───── Record excerpts ─────
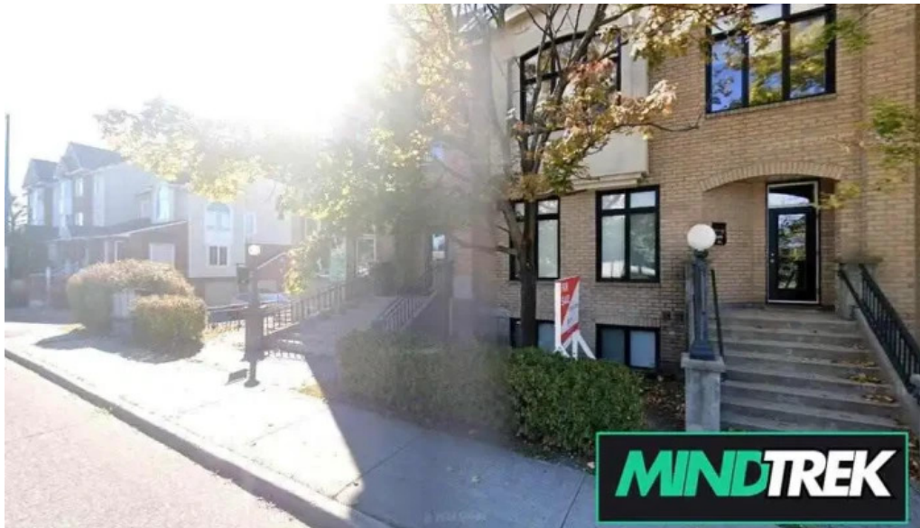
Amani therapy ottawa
─────
───── Record excerpts ─────
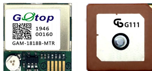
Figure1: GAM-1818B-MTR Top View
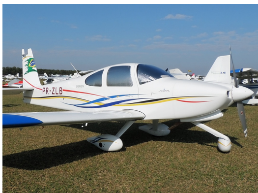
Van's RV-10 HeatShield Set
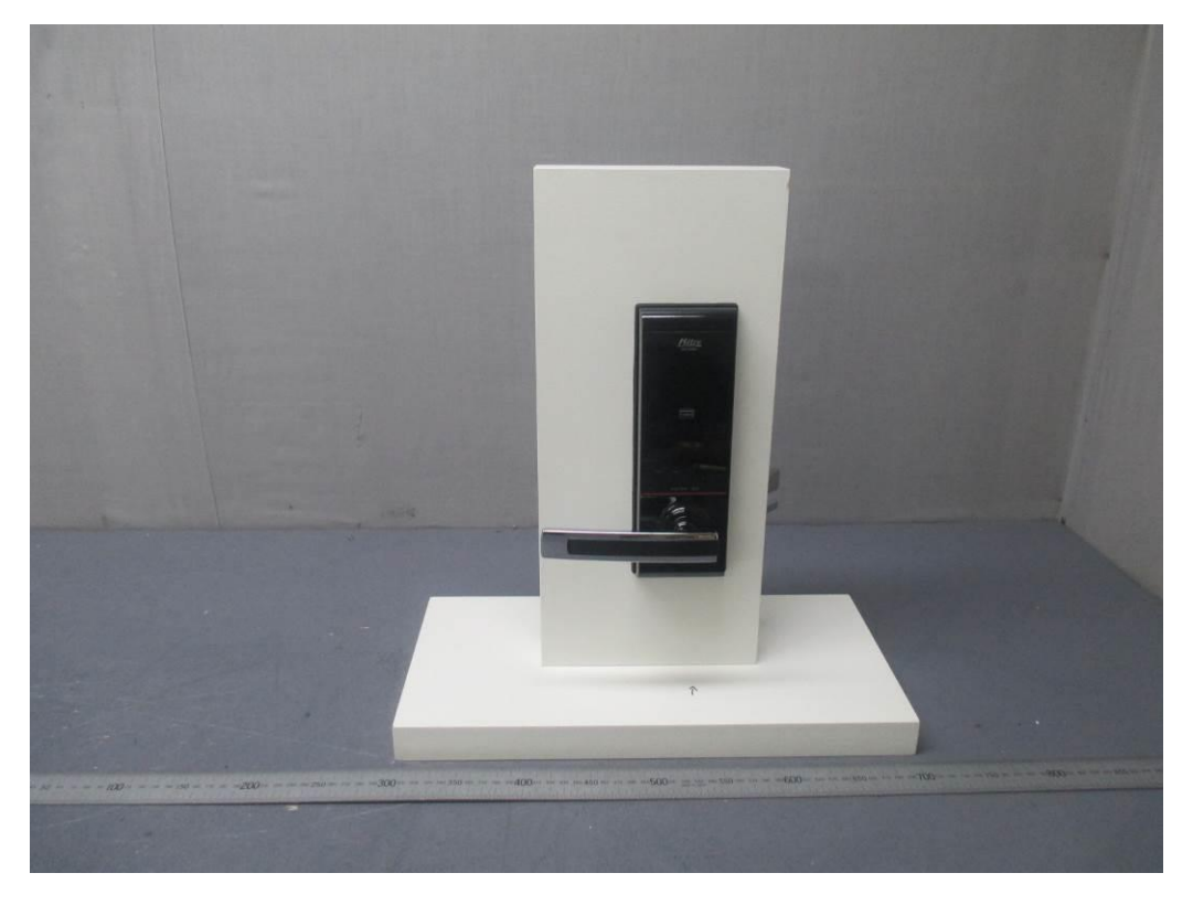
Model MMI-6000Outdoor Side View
─────
§ Your assignment
Starting at the line above that holds "Van's RV-10 HeatShield Set", return each line up to and including the one that holds "Model MMI-6000Outdoor Side View", exactly as written, minus any pictures.

§ Output of the exercise
Van's RV-10 HeatShield Set
Model MMI-6000Outdoor Side View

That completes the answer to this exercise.